Thursday, May 13, 2010

On Empty Spaces

They say empty spaces are to be filled. That is what I am looking for right now, something to fill in these spaces.

Just for today, I am feeling empty. I don't know for what reason exactly, I just feel plain empty. Drained, exhausted and tired.


Maybe it's because I saw an ex friend at a party last night, and the thought of him trying to please everyone else exhausts me. Somehow, I am affected not because I still care, but because everytime I see him do that, strongly reminds me of how he treated me the same before and later on stabbed me with it. I'd pick a fight with him, but that's just not me. I won't stoop to doing something so low. You'd expect him to do that, but not me. Hope you'd be gone for good, you suck the joys and happiness out of me. Pathetic me. This wawa's for me.

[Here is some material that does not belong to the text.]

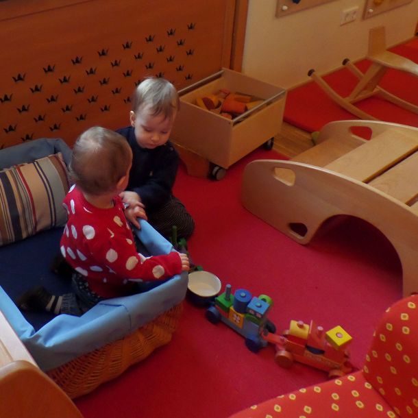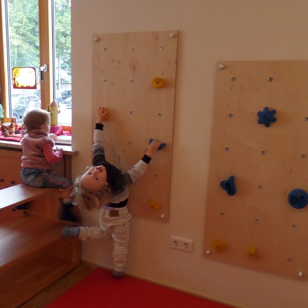 Die Gestaltung der Räume und das Platzangebot ist konsequent auf die besonderen Bedürfnisse der Kleinkinder abgestimmt, die mehr Platz zu ihrer Bewegungsentwicklung benötigen als ein Kindergartenkind. Qualität und Umfang der Ausstattung sind so gewählt, dass die weitere Entwicklung der Kinder gut darauf aufbauen kann. Sicherheit und Überschaubarkeit spielen bei der Gestaltung eine tragende Rolle.

Maybe because most of my friends already have jobs and I don't have one yet. Applying for a job at Singapore would mean a huge leap for me, and by leap I meant risk, ahah! It's frustrating that in a month's time, they'd be earning and I won't. So this is how it feels, empty...pocket! ahahh!

My lovelife is finally paying its dues. Thank you "Deme" for filling in these spaces. I am thankful for the every day you're making me happy and proud. You are my world now, and I am looking forward to a lifetime ahead with you.

But sadly, for now, I hope it's only for now, I feel empty.